> PROBLEM REQUIREMENTS
Could you repeat the entries below exactly, but only from the line with "- 次 の 列:2行目、または3行目の項目を設定せずに次の列に設置位置を移動します。" through the line with "[경기뉴스원/경기뉴스1] | 화천교육도서관은", and without any picture?

> TASK MATERIAL
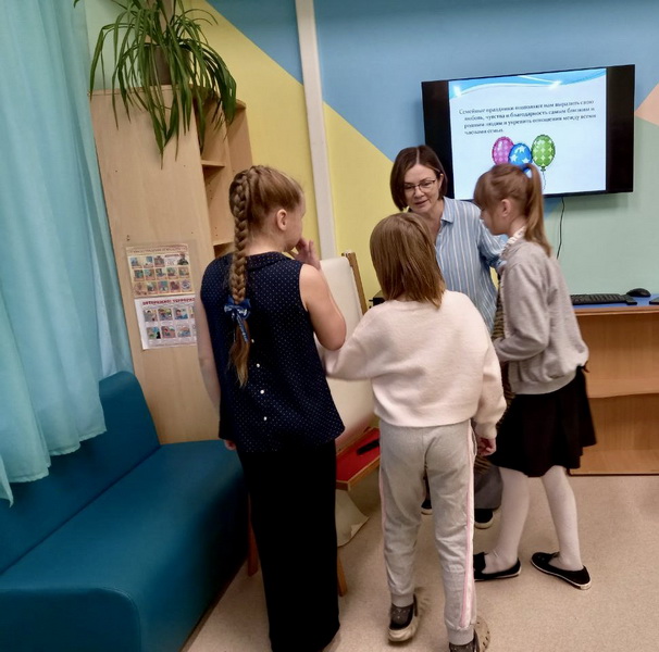На полустационарном отделении социального обслуживания несовершеннолетних и семей с детьми состоялось занятие по программе «Тепло семьи», нацеленное на воспитание у ребят уважения к семье и понимание важности семейных традиций и праздников.
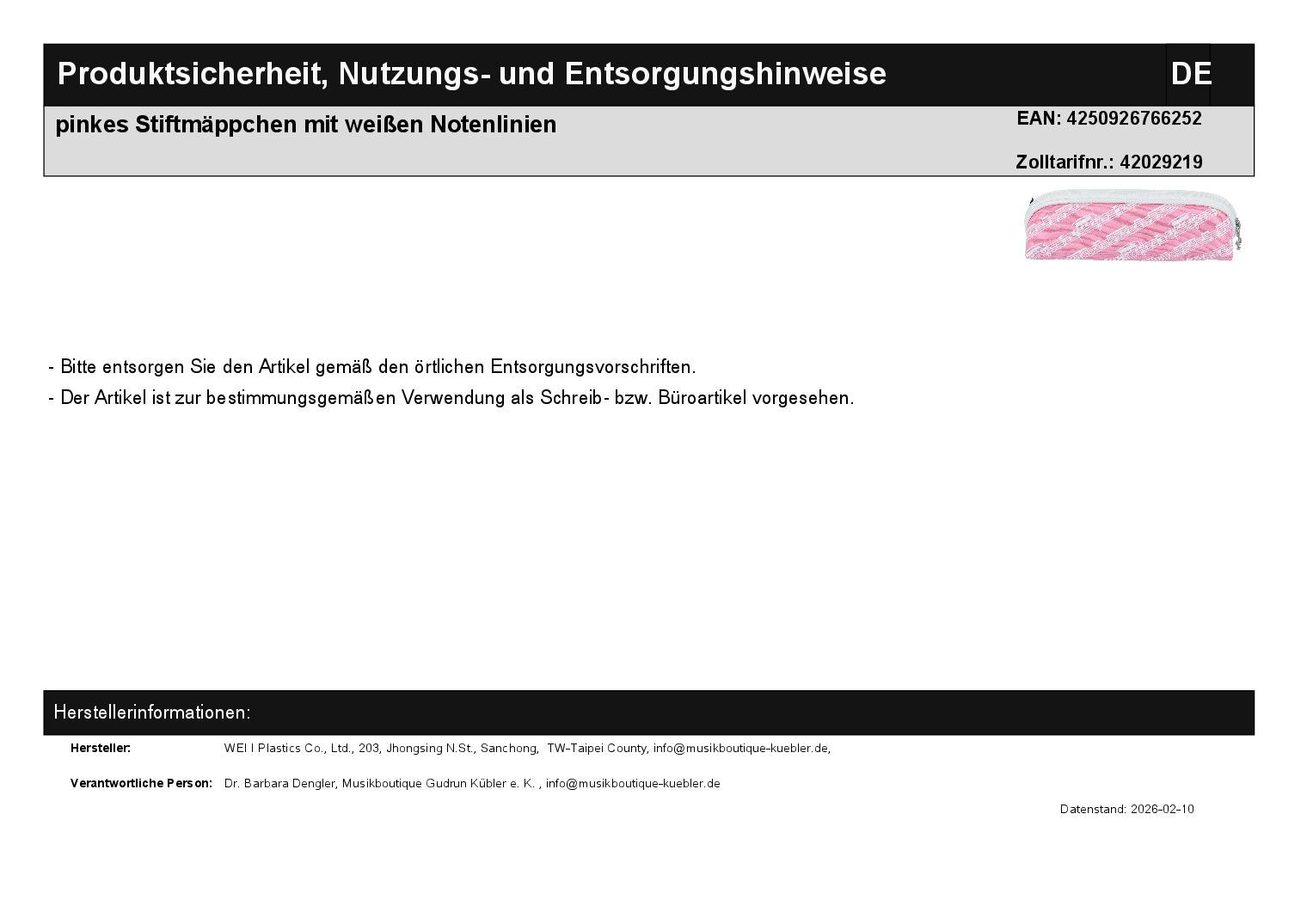 | Titel | pinkes Stiftmäppchen mit weißen Notenlinien |
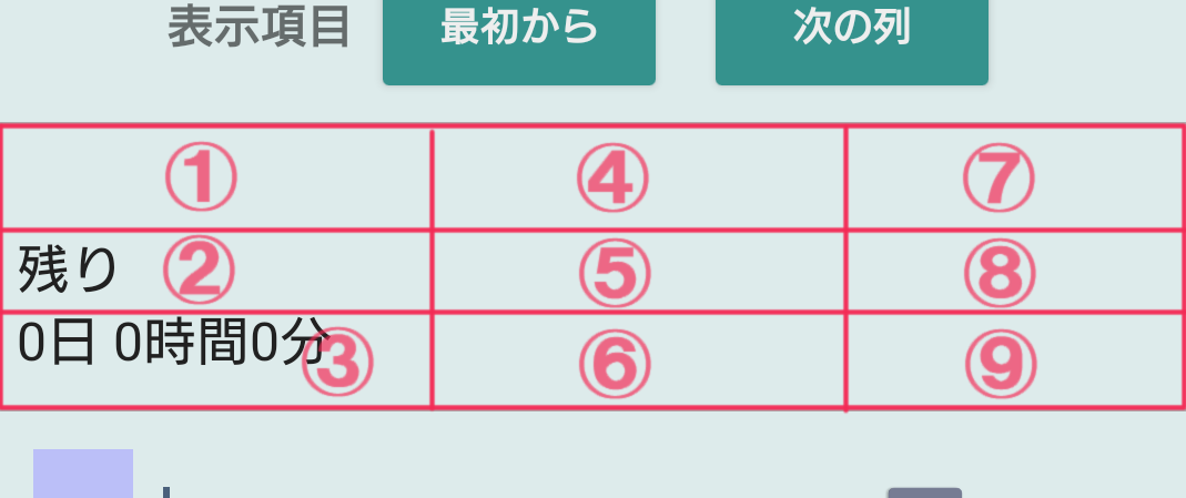 - 次 の 列:2行目、または3行目の項目を設定せずに次の列に設置位置を移動します。
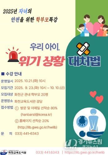 [경기뉴스원/경기뉴스1] | 화천교육도서관은 10월 21일 10시, 화천군 관내 학부모를 대상으로 학부모 소통(疏通) 프로그램 ‘우리 아이, 위기 상황 대처’ 특강을 운영한다.
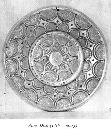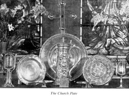 St. Peter's Church received a valuable silver plate set from Lord Chief Baron Thomas Parker in 1760. This set, made of silver gilt, includes a flagon, paten, and almsdish, each engraved with the Parker family crest. Notably, the flagon and alms dish display high-quality hammered work, and the alms dish is dated 1628 with the initials T.T.

> SOLVED PROBLEM
 - 次 の 列:2行目、または3行目の項目を設定せずに次の列に設置位置を移動します。
 [경기뉴스원/경기뉴스1] | 화천교육도서관은 10월 21일 10시, 화천군 관내 학부모를 대상으로 학부모 소통(疏通) 프로그램 ‘우리 아이, 위기 상황 대처’ 특강을 운영한다.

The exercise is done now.